→ TASK OBJECTIVE
Repeat only the lines below that run from the line with "Voor Kunst &" to the line with "This beautiful 2", ends included; skip every picture.

→ INPUT MATERIAL
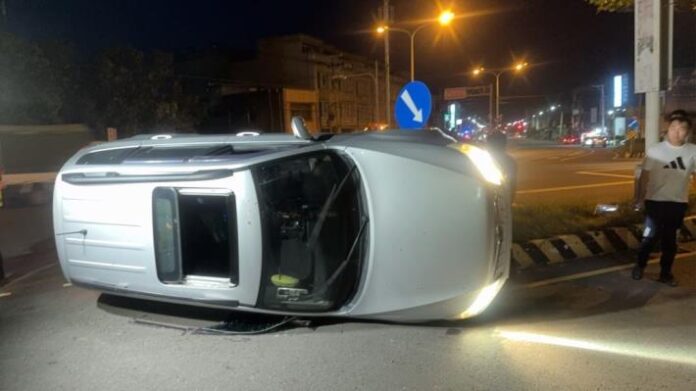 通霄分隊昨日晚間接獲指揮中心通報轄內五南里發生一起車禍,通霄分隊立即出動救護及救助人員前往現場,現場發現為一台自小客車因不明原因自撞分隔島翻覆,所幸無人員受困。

...

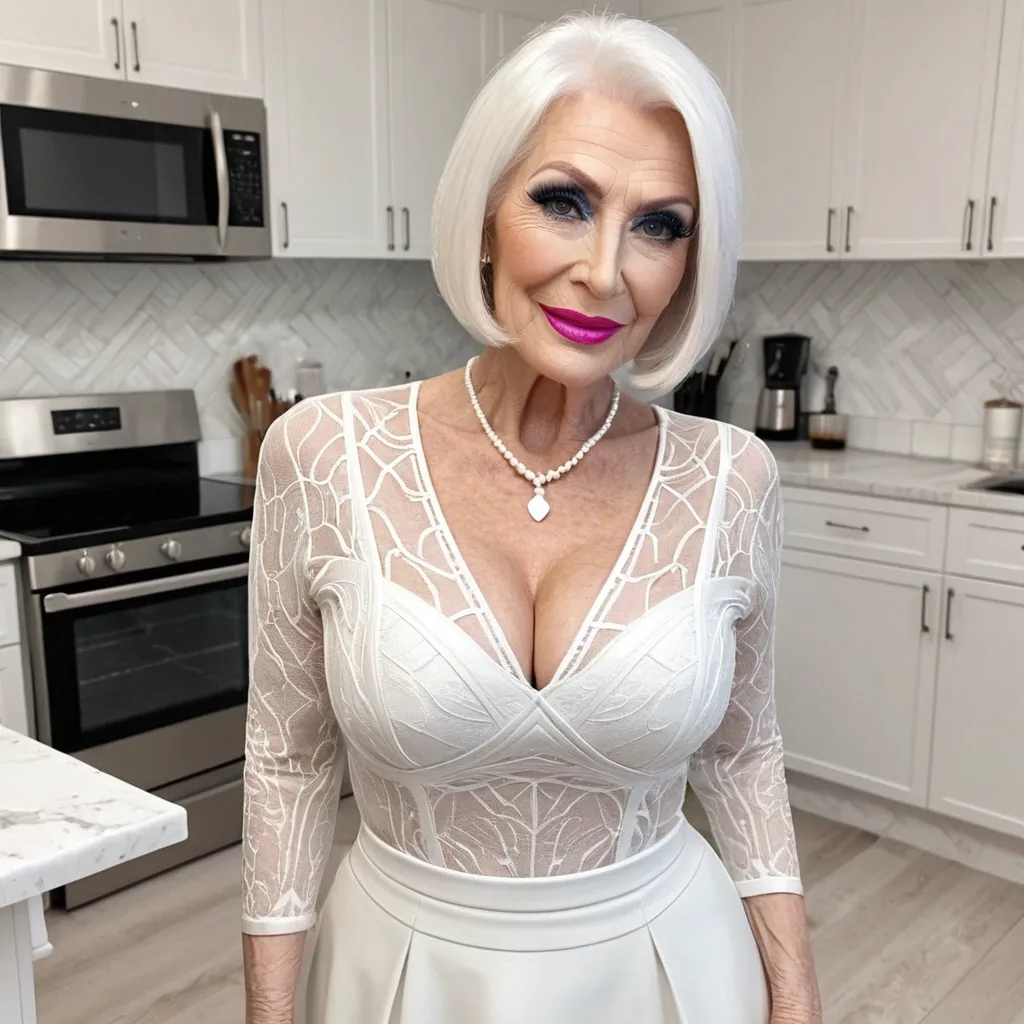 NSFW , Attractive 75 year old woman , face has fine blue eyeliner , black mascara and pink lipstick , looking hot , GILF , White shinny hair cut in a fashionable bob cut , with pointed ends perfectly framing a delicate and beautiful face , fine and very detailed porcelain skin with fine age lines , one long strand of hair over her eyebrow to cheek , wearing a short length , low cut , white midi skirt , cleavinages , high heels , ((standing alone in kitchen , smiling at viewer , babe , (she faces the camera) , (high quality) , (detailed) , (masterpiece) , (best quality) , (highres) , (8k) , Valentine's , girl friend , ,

...

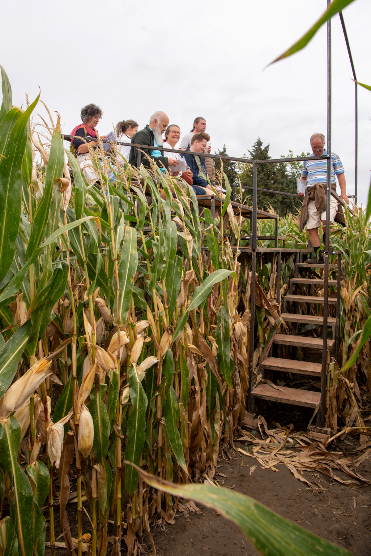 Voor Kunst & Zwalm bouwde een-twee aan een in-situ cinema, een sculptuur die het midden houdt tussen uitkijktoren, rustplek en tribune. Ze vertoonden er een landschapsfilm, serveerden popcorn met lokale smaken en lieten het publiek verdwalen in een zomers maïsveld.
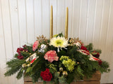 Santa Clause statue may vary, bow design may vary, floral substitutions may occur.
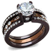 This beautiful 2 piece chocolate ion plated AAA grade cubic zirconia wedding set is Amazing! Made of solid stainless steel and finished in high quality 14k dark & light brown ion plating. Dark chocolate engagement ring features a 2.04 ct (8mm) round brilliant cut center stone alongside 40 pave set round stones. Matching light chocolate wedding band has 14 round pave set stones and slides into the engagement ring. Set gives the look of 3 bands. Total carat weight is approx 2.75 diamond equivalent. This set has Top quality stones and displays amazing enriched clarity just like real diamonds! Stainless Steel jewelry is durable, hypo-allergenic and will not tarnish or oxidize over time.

→ FINISHED TASK
 Voor Kunst & Zwalm bouwde een-twee aan een in-situ cinema, een sculptuur die het midden houdt tussen uitkijktoren, rustplek en tribune. Ze vertoonden er een landschapsfilm, serveerden popcorn met lokale smaken en lieten het publiek verdwalen in een zomers maïsveld.
 Santa Clause statue may vary, bow design may vary, floral substitutions may occur.
 This beautiful 2 piece chocolate ion plated AAA grade cubic zirconia wedding set is Amazing! Made of solid stainless steel and finished in high quality 14k dark & light brown ion plating. Dark chocolate engagement ring features a 2.04 ct (8mm) round brilliant cut center stone alongside 40 pave set round stones. Matching light chocolate wedding band has 14 round pave set stones and slides into the engagement ring. Set gives the look of 3 bands. Total carat weight is approx 2.75 diamond equivalent. This set has Top quality stones and displays amazing enriched clarity just like real diamonds! Stainless Steel jewelry is durable, hypo-allergenic and will not tarnish or oxidize over time.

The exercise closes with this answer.